I then go through and generate 5000 samples of 10 length. I then construct the 95% Confidence interval for each sample. Finally, I see how many samples overlap the true means (which I know). However it's all of them. Shouldn't there be a few that fall out of the range?

The code is attached.

library(MASS)
library(clusterGeneration)

#set.seed(314159) # For ease of replication

######################
#Generate mean vector and sigma information
######################
trueMu<- runif(n = 2, min = 0, max = 2)
matrixData <- genPositiveDefMat(dim = 2, covMethod = "eigen", lambdaLow = 8)
trueSigma <- matrixData$Sigma
trueMu
trueSigma

######################
#Generate random data 5000 times @ sizes of 10,20, 150
######################
TenSampleList <- lapply(1:5000,function(x){
  mvrnorm(n = 10, mu = trueMu, Sigma = trueSigma)  
})

######################
#Function to calculate confidence interval
######################
calcConfInterval <- function(currentData, corrected= FALSE){
  #browser()
  meanCol1 <- mean(currentData[,1])
  meanCol2 <- mean(currentData[,2])

  sdCol1  <- sqrt(var(currentData[,1]))
  sdCol2  <- sqrt(var(currentData[,2]))

  lengthObs <- nrow(currentData)
  confidenceLevel = 1 - .05/(2 * ifelse(corrected ==TRUE, 2 ,1))

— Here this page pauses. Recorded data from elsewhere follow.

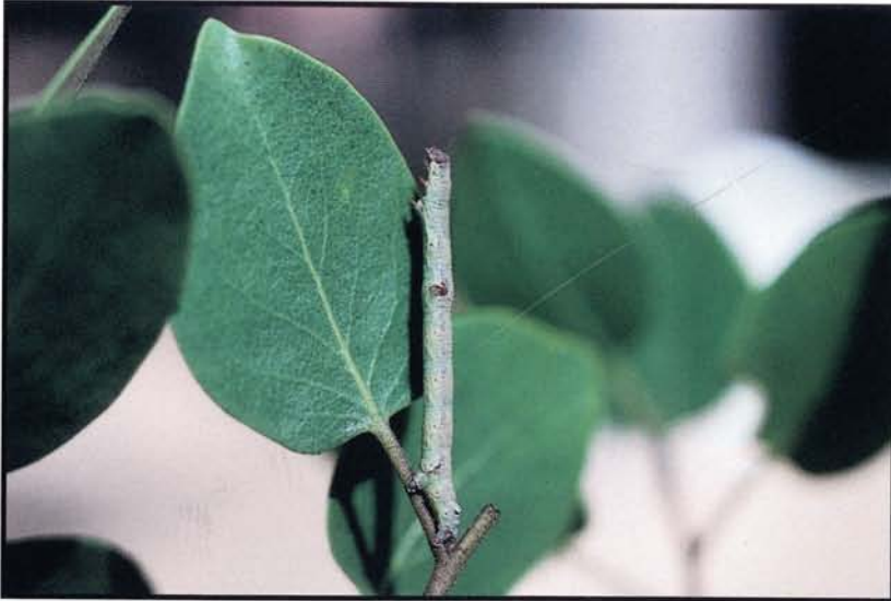
Figure 18 —Green larval color variant of Hesperumia fumosaria impensa Rindge (Lepidoptera: Geometridae) that mimics newly expanding manzanita shoots. A second crimson larval color variant of this species occurs concurrently and mimics mature manzanita stems. Larvae feed on previous years' leaves and complete development by late spring generally before new leaves mature. Pupation occurs in the leaf litter and adults are active during June and July. Eggs deposited in litter overwinter.
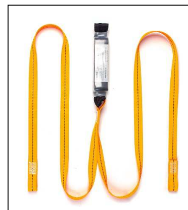
TX/L2 shock absorber with lanyard
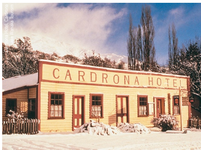
Cardrona Hotel, Cardrona Lake Wanaka Tourism
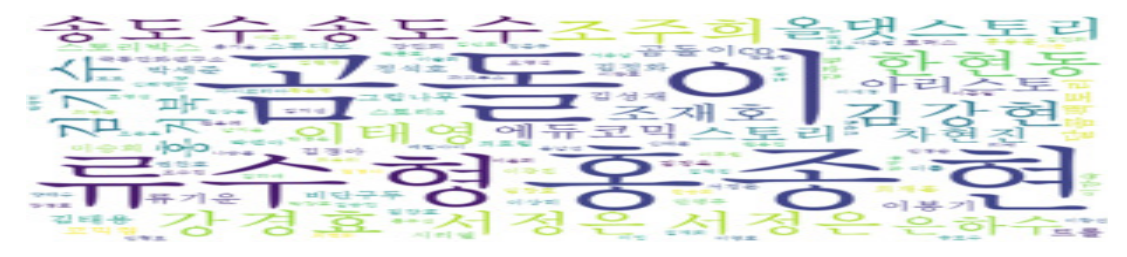
Fig. 5. Word Cloud of Names of Authors of Most Borrowed Children's Books
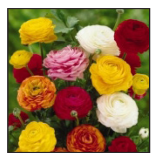
15 Persian Buttercups
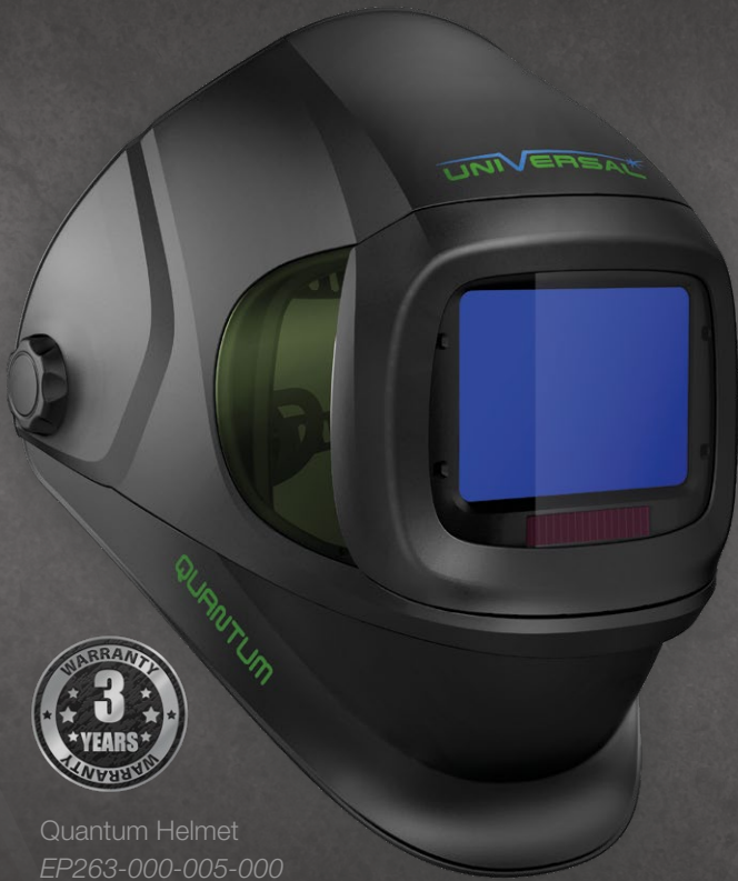
Quantum Helmet EP263-000-005-000

The Combined Welding & Grinding Solution
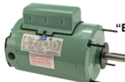
"E" = Extended thru-bolts F835, F984 F985, F986 *T606, *T635 *= no capacitor
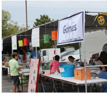
The Dharma School booth is popular with the under 10 crowd for its fun new games and great raffle prizes.
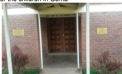
Our Lady of Mt Carmel Chapel
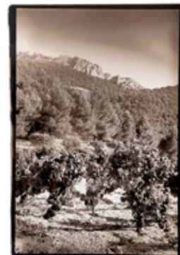
Domaine Les Pallières vineyard in Gigondas.
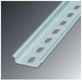
DIN rail 35 mm (NS 35)

DIN rail perforated - NS 35/ 7,5 WH PERF 2000MM - 1204119
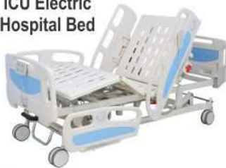
5 Function ICU Electric Hospital Bed
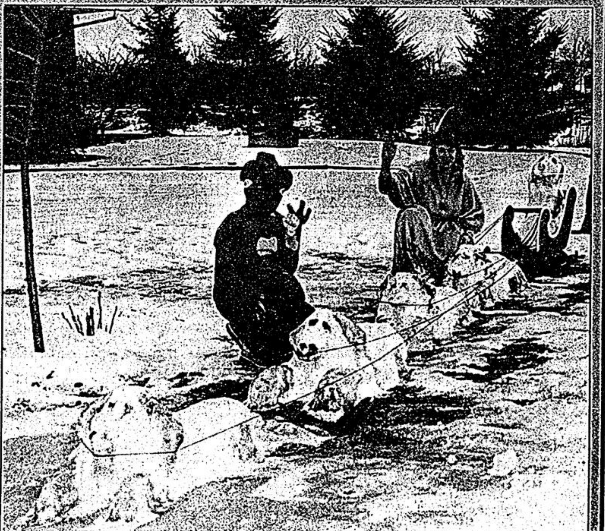
Kirstin and Sean Nagy of Claremont won a third prize in the Snow Sculpture Contest. Unusually mild temperatures prompted the judges to speed up their work before the projects disappeared.
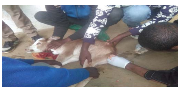
Figure 3: Surgical procedures performed in the district.
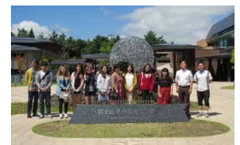
〈Spring Camp in Yamanashi〉

A coordinator, a full-time staff and a part-time staff were assigned in order to implement CAMPUS Asia Program in 2017. Also, CAMPUS Asia Office and Committee was established as a schoolwide organization for connecting the curriculum of undergraduate / graduate school and international activities. It newly set up CAMPUS Asia Lounge as the communication and learning space for exchange students, as well as developing and running the program.
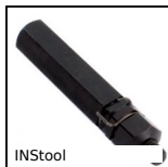
INSTool Insertion tool for self tapping inserts, Insertion tool
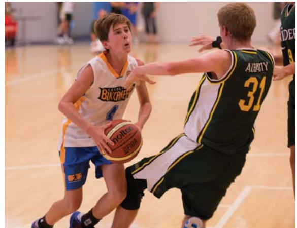
On court action at Country Week
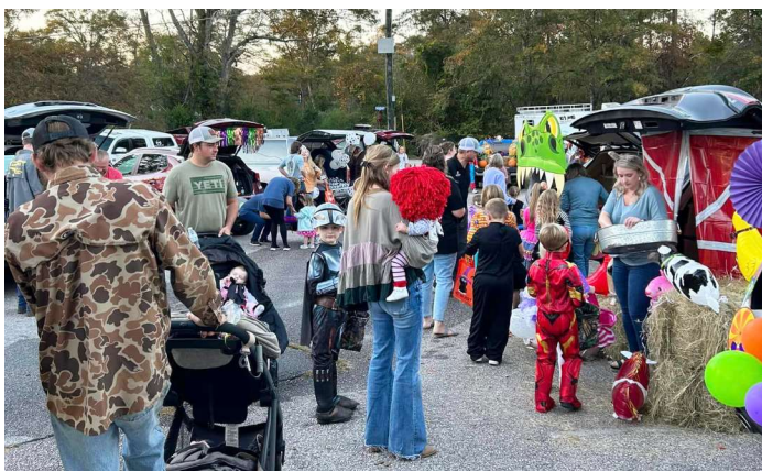
Mountville Trunk or Treat on October 25

Lakeview - Breakfast is served every Sunday at 9:15 am in the fellowship hall.
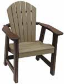
Comfy-Back Dining Chair #CBD - 19 28" W x 28" D x 37" H Seat - 17 1/2" H (37 lbs.)
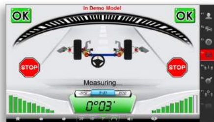
User-Friendly Screen Diagrams & Graphics
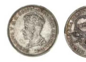
1057* George V, 1927 Canberra. Toned uncirculated.
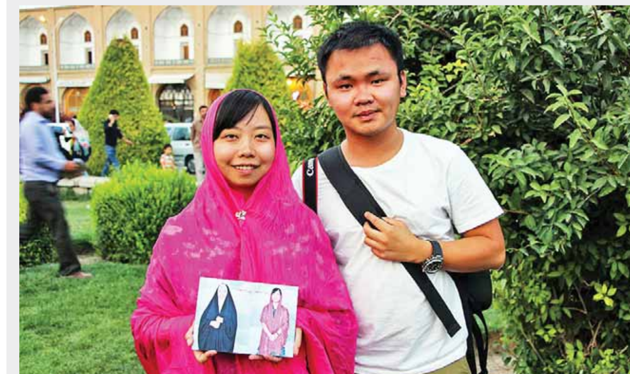
Foreign tourists welcomed "two-dimension photography" which was held at Imam square in Isfahan for a week with the goal of promoting hijab and dignity.
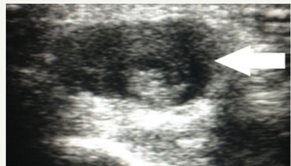
Figure 2: Ultrasonography without Doppler demonstrating thrombosis in the distal radial artery (white arrow).

A 69 years old man with right wrist pain and functional limitations for 06 months. Finkelstein, Tinel and Phalen tests were negative. Important edema in the wrist and hand at physical examination (Figure 1). Ultrasonography demonstrated pseudoaneurysm with thrombosis in the distal radial artery (Figures 2 & 3).
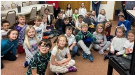
1s & 2nd Grade Release Time
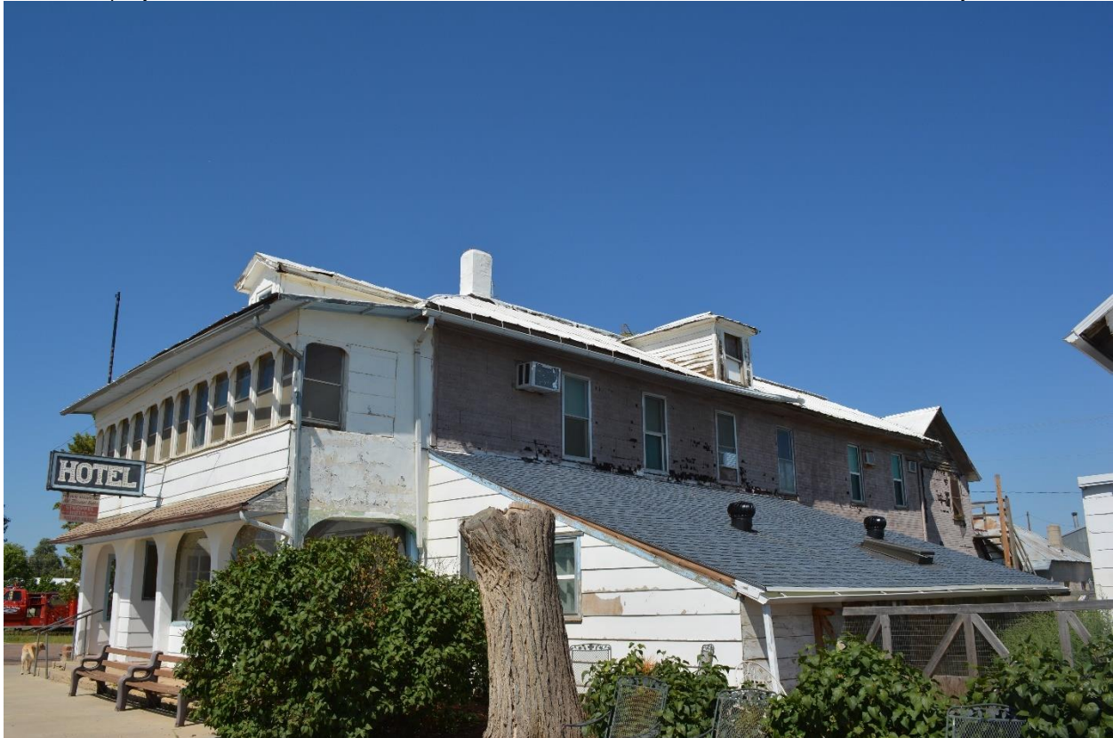
SD_HaakonCounty_StroppelHotelandHotMineralBaths_0002. Photo looking northwest at east and south elevations.
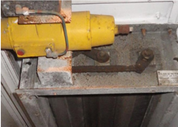
Internal damper corrosion
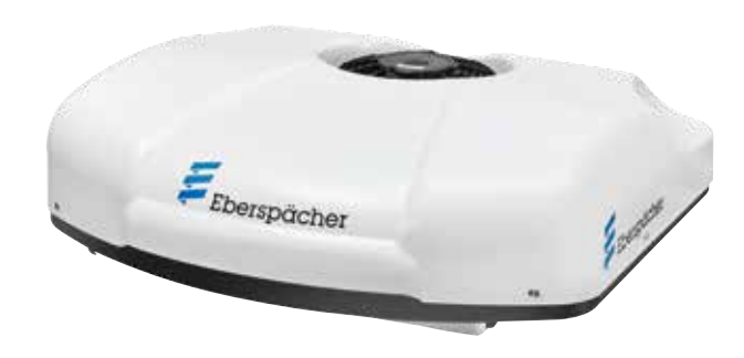
Fig.: Cooltronic 1000/1400 G2.5 Hatch

Eberspächer has been optimising climate control solutions in vehicles for decades. In addition to satisfying our customers' demands for comfort and safety with our innovative heating concepts for passenger cars, commercial vehicles, boats and motor homes, protecting resources is also a top priority for us. This allows us to help ensure that transport systems are highly efficient, even when resources are in short supply. The aim of cooling vehicle interiors without the use of the engine is to create the best possible working atmosphere at a reasonable cost. This enables us to make an important contribution to reducing costs for transport companies, for example.
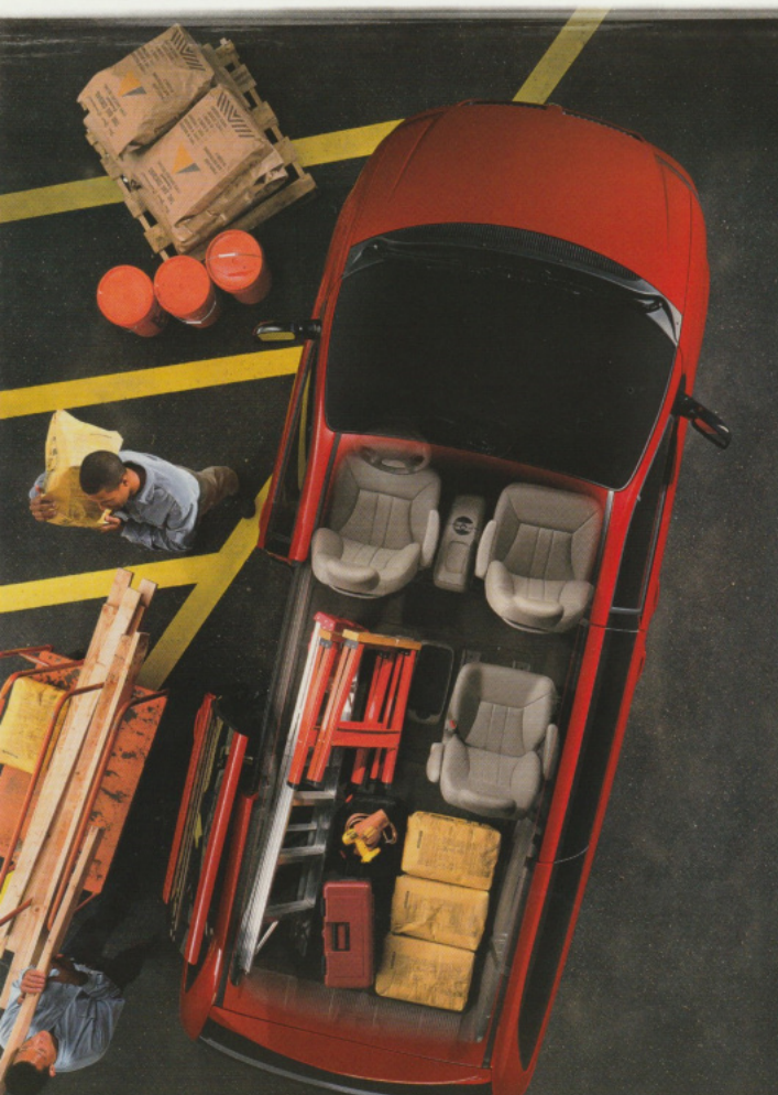
Dodge Caravan seating adapts to handle virtually any combination of passengers and cargo.* *Remember to properly secure all cargo.

The rear cargo organizer, is available on Grand Caravan and folds up in seconds to provide a variety of compartments that help keep things secure. Another Caravan innovation, it's the most flexible and adaptable one in its class.
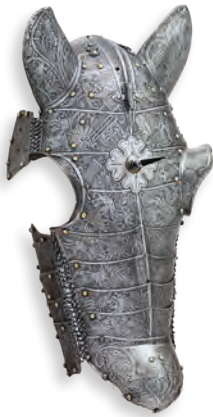
Testiera (Shaffron) per cavallo, Brescia (?) 1560-70 Metropolitan Museum of Arts, New York. Public Domain
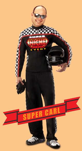
2017 theme = NASCAR Sponsor logo on
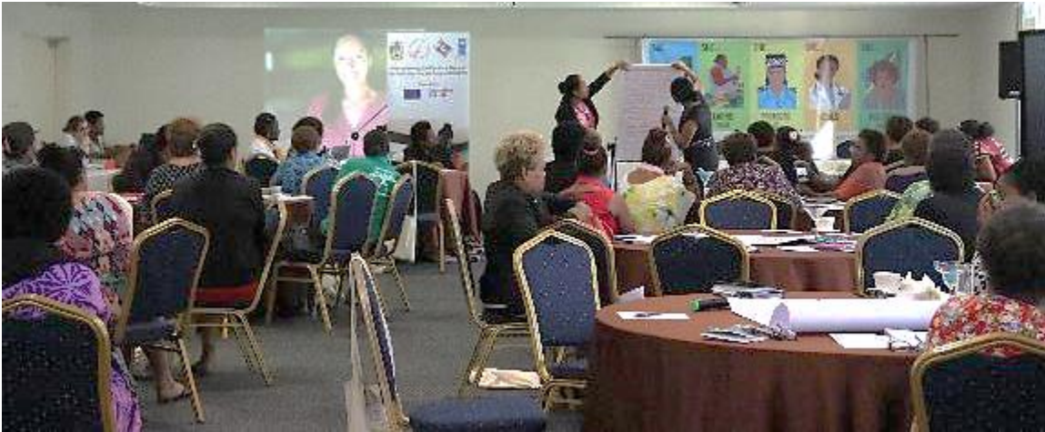
Pic 03: Participants are presenting group works in the regional workshop (August 2018)

The plan has a three-phase approach (pre-nomination, nomination and post-election) prioritizing activities to contribute to the improvement of women's leadership and political skills for national and provincial elections.
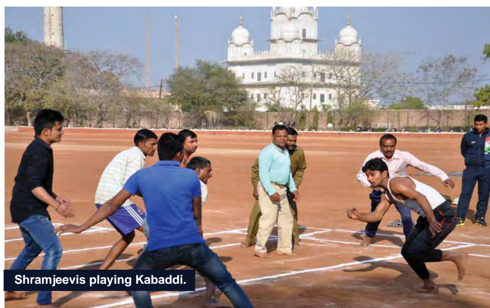
Shramjeevis playing Kabaddi.

The results of Junior Group Inter House Hindi Elocution are as follows :
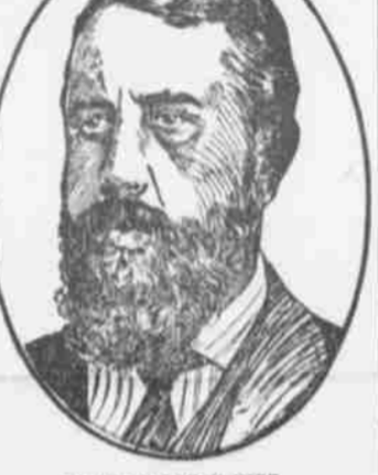
DUKE OF DEVONSHIRE.

He is what people call a safe man. As to actual work in the field of politics, he has done as much as most men, while at the same time guiding important business interests at Barrow, Eastbourne and elsewhere. He is now 70 years of age, and has been in Parliament since he was 24.
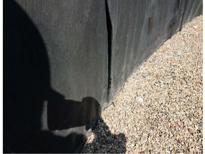
Location Photo #8, Holes in secondary containment.
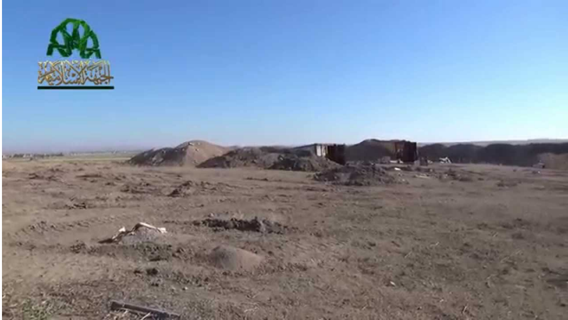
SARG earthworks on Tell Meleh.
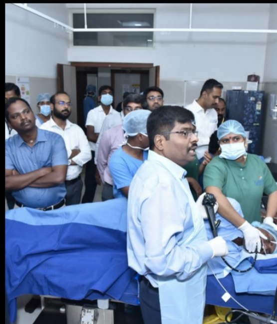
President sir demonstrating Endoscopy techniques
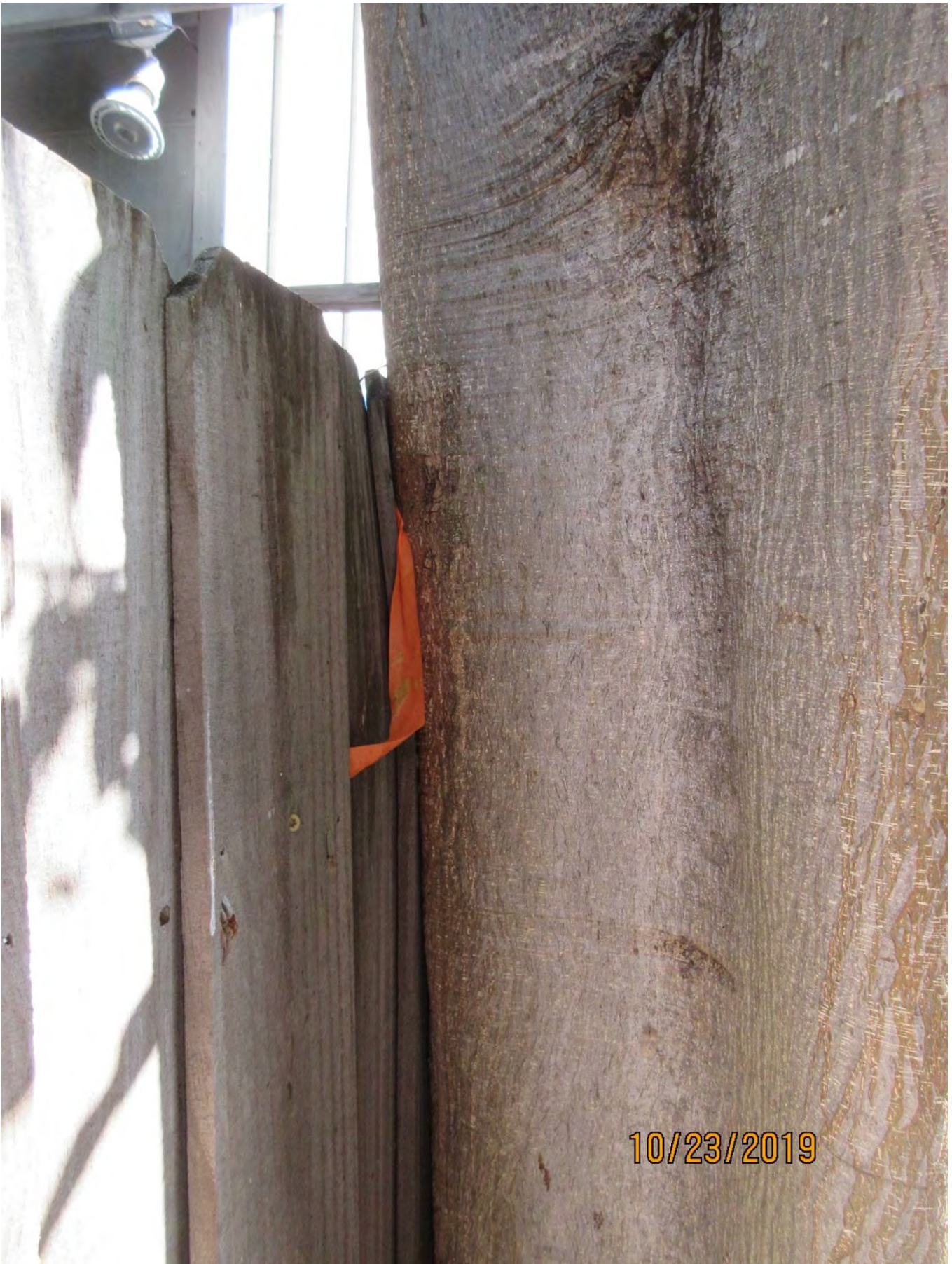
Photo showing tree trunk growing against fence, view 2.

  col1Conf <- c(meanCol1 - qt(confidenceLevel, lengthObs - 1)*sdCol1,meanCol1 + qt(confidenceLevel, lengthObs - 1)*sdCol1)
  col2Conf <- c(meanCol2 - qt(confidenceLevel, lengthObs - 1)*sdCol2,meanCol2 + qt(confidenceLevel, lengthObs - 1)*sdCol2)

  return(list(col1Conf = col1Conf, col2Conf = col2Conf))
}

######################
#Get ConfidenceIntervals for each sampel set
######################

TenSampleConfIntUncorrected <- lapply(TenSampleList, calcConfInterval, corrected = FALSE)

checkIfInside <- function(data, trueMu1, trueMu2){
  #browser()
  result1 <- if(trueMu1 >= data$col1Conf[1] && trueMu1 <= data$col1Conf[2]){1}else{0}
  result2 <- if(trueMu2 >= data$col2Conf[1] && trueMu2 <= data$col2Conf[2]){1}else{0}
  return(result1 * result2)
}


TenSampleUncorrectedInsideProportion <- sum(unlist(lapply(TenSampleConfIntUncorrected, checkIfInside, trueMu1 = trueMu[1], trueMu2 = trueMu[2])))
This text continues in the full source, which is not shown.